> Exercise aim
In the material below, find the line containing "Асылбек, около 30" and the line containing "Котельная находится в". Output those two lines and all lines between them exactly, without pictures.

> Available data
.....
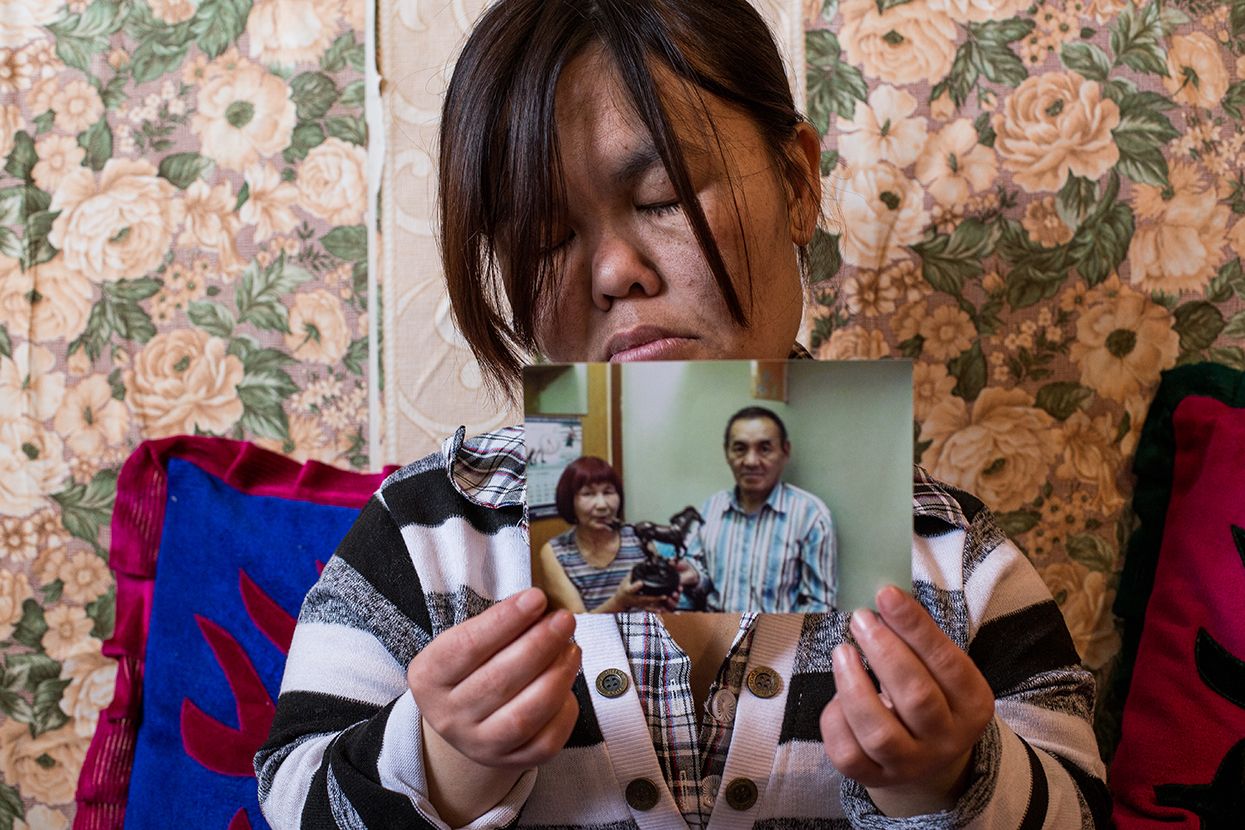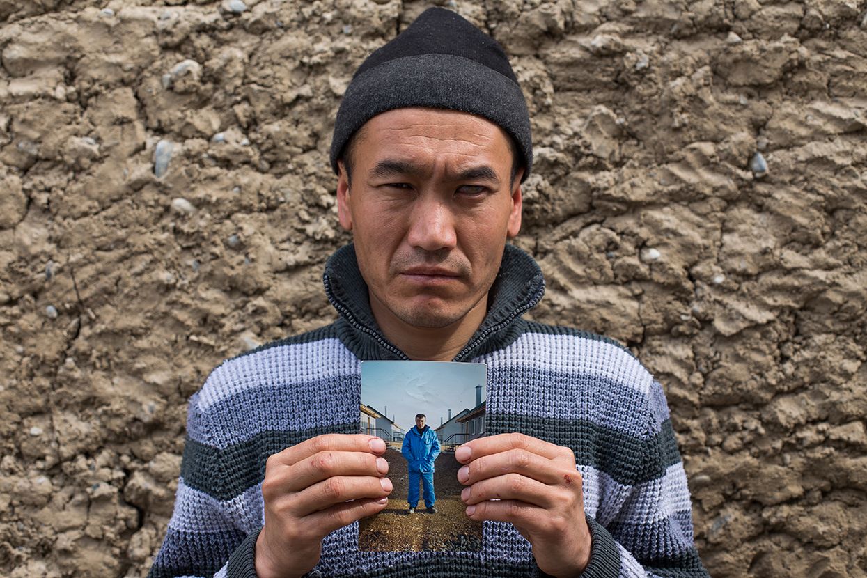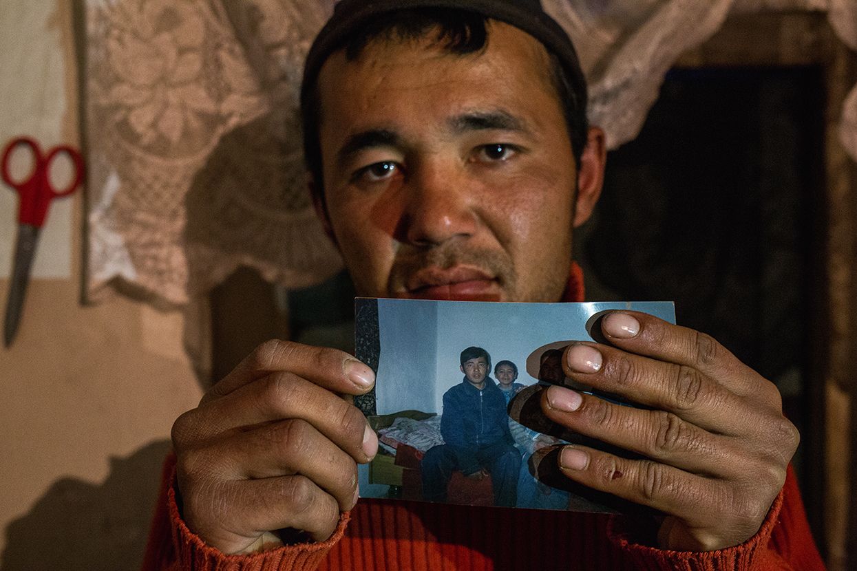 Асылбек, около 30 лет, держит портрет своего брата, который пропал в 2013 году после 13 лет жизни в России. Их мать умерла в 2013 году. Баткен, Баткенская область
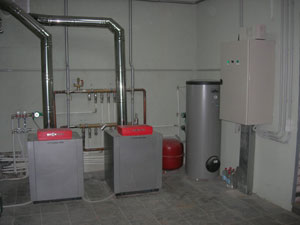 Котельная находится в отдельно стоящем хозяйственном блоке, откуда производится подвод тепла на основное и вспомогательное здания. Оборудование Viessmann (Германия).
.....
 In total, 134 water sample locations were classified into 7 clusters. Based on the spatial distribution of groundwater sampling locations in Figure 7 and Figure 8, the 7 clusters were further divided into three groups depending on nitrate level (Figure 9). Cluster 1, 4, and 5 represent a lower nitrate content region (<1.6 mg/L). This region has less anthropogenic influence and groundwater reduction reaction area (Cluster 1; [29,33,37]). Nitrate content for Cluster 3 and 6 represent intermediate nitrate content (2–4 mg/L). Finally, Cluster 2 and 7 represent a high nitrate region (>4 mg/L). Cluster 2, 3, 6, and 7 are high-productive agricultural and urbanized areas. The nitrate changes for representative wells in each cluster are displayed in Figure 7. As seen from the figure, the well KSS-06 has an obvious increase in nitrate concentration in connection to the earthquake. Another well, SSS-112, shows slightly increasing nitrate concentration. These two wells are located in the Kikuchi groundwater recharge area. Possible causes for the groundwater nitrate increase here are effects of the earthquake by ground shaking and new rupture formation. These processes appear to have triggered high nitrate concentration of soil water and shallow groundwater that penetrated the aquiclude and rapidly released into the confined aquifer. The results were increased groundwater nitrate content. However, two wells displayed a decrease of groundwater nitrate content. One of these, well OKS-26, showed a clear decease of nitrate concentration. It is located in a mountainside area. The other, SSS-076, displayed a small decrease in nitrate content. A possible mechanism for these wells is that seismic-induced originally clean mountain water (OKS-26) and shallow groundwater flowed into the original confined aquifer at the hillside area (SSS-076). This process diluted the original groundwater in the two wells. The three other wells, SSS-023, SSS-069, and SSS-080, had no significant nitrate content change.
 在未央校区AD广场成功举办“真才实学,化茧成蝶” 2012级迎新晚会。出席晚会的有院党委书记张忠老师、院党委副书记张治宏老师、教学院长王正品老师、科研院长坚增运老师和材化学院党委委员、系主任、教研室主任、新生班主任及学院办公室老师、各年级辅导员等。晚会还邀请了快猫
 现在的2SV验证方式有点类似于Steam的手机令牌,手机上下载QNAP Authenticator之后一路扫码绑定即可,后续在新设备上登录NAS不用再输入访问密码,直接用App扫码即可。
.....
> Solution for this problem
 Асылбек, около 30 лет, держит портрет своего брата, который пропал в 2013 году после 13 лет жизни в России. Их мать умерла в 2013 году. Баткен, Баткенская область
 Котельная находится в отдельно стоящем хозяйственном блоке, откуда производится подвод тепла на основное и вспомогательное здания. Оборудование Viessmann (Германия).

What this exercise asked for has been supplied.